## TASK
Write out the entire listing below exactly as it appears, minus any pictures.

## DATA
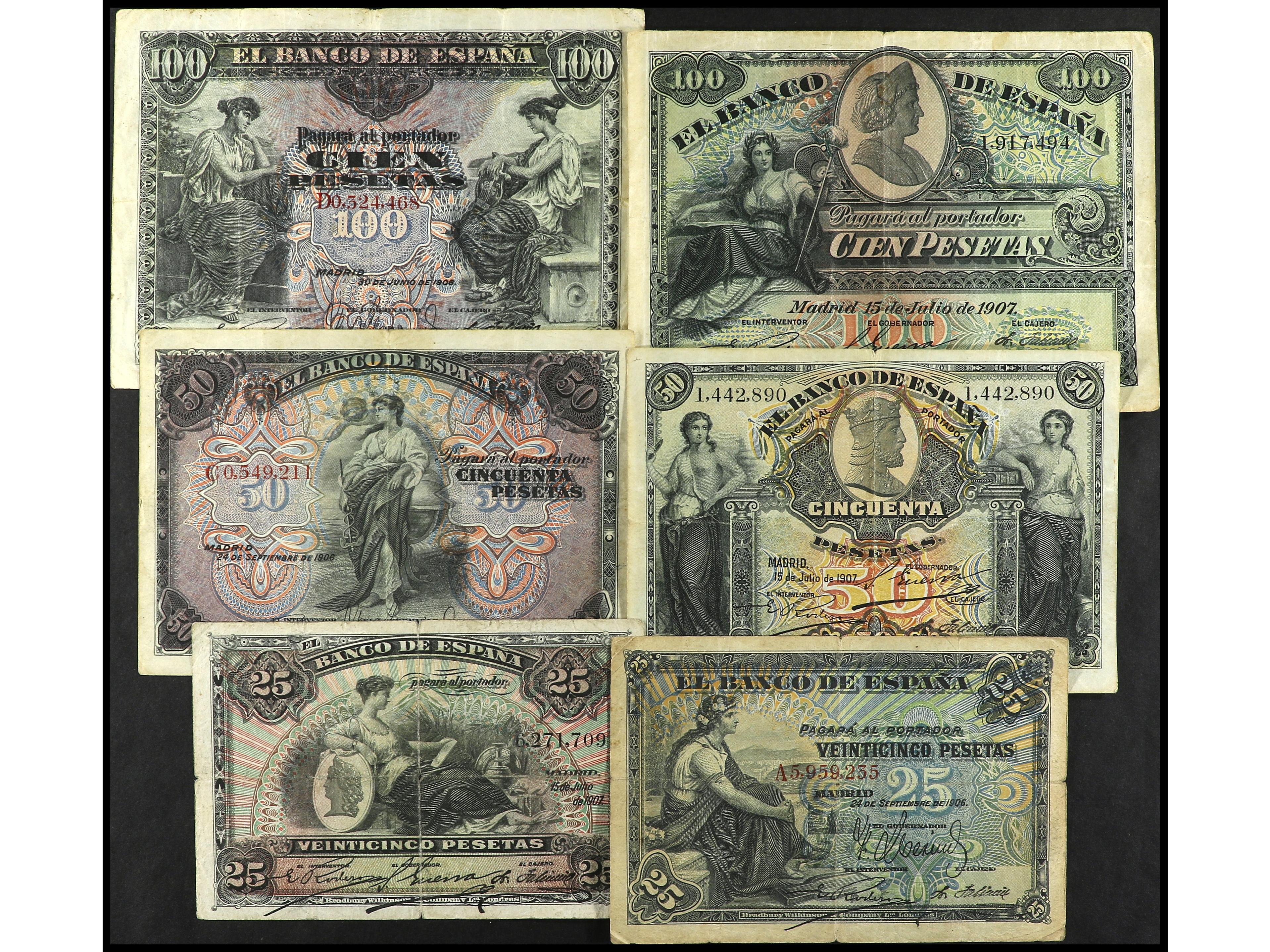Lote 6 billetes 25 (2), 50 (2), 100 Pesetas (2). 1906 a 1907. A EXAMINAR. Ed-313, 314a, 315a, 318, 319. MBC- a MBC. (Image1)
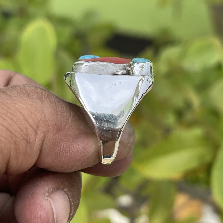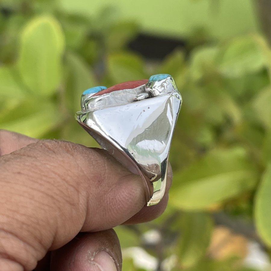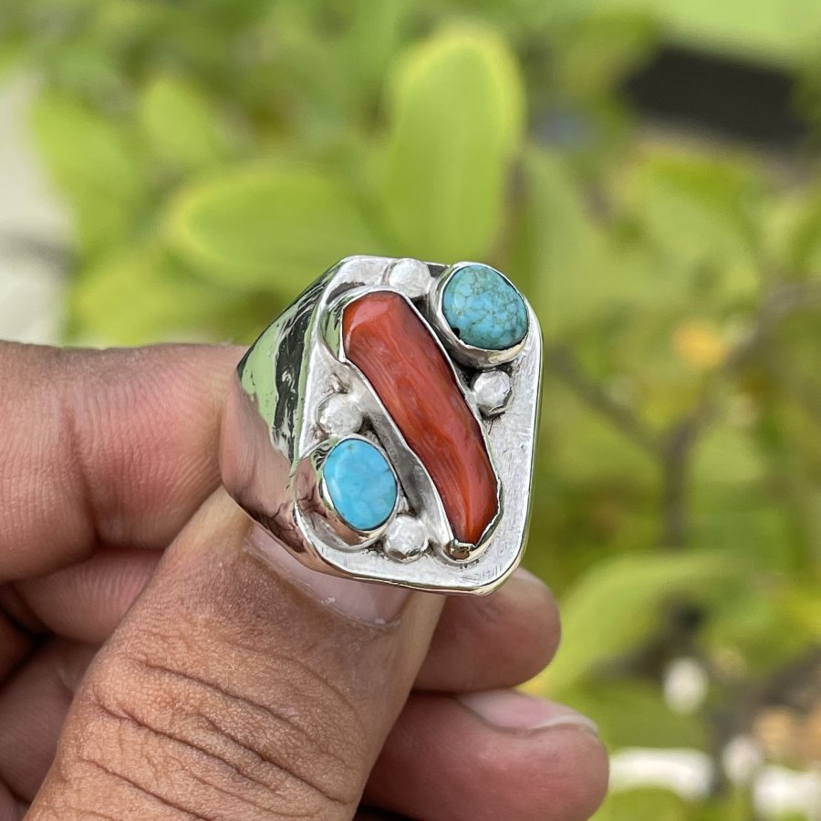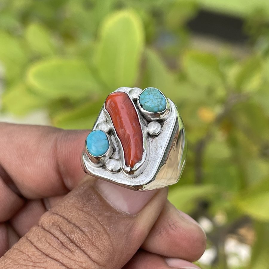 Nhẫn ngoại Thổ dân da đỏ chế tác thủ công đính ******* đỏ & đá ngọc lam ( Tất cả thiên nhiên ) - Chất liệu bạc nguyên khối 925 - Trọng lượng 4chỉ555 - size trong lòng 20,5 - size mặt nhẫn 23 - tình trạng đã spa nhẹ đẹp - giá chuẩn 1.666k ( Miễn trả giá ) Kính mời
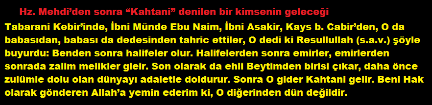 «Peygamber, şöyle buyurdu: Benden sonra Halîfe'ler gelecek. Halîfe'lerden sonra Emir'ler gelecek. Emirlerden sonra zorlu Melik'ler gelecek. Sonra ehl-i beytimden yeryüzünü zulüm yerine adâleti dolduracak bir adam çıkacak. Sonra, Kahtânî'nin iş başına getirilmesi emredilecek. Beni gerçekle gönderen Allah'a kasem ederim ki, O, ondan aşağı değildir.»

## OUTPUT FOR THIS EXERCISE
Lote 6 billetes 25 (2), 50 (2), 100 Pesetas (2). 1906 a 1907. A EXAMINAR. Ed-313, 314a, 315a, 318, 319. MBC- a MBC. (Image1)
 Nhẫn ngoại Thổ dân da đỏ chế tác thủ công đính ******* đỏ & đá ngọc lam ( Tất cả thiên nhiên ) - Chất liệu bạc nguyên khối 925 - Trọng lượng 4chỉ555 - size trong lòng 20,5 - size mặt nhẫn 23 - tình trạng đã spa nhẹ đẹp - giá chuẩn 1.666k ( Miễn trả giá ) Kính mời
 «Peygamber, şöyle buyurdu: Benden sonra Halîfe'ler gelecek. Halîfe'lerden sonra Emir'ler gelecek. Emirlerden sonra zorlu Melik'ler gelecek. Sonra ehl-i beytimden yeryüzünü zulüm yerine adâleti dolduracak bir adam çıkacak. Sonra, Kahtânî'nin iş başına getirilmesi emredilecek. Beni gerçekle gönderen Allah'a kasem ederim ki, O, ondan aşağı değildir.»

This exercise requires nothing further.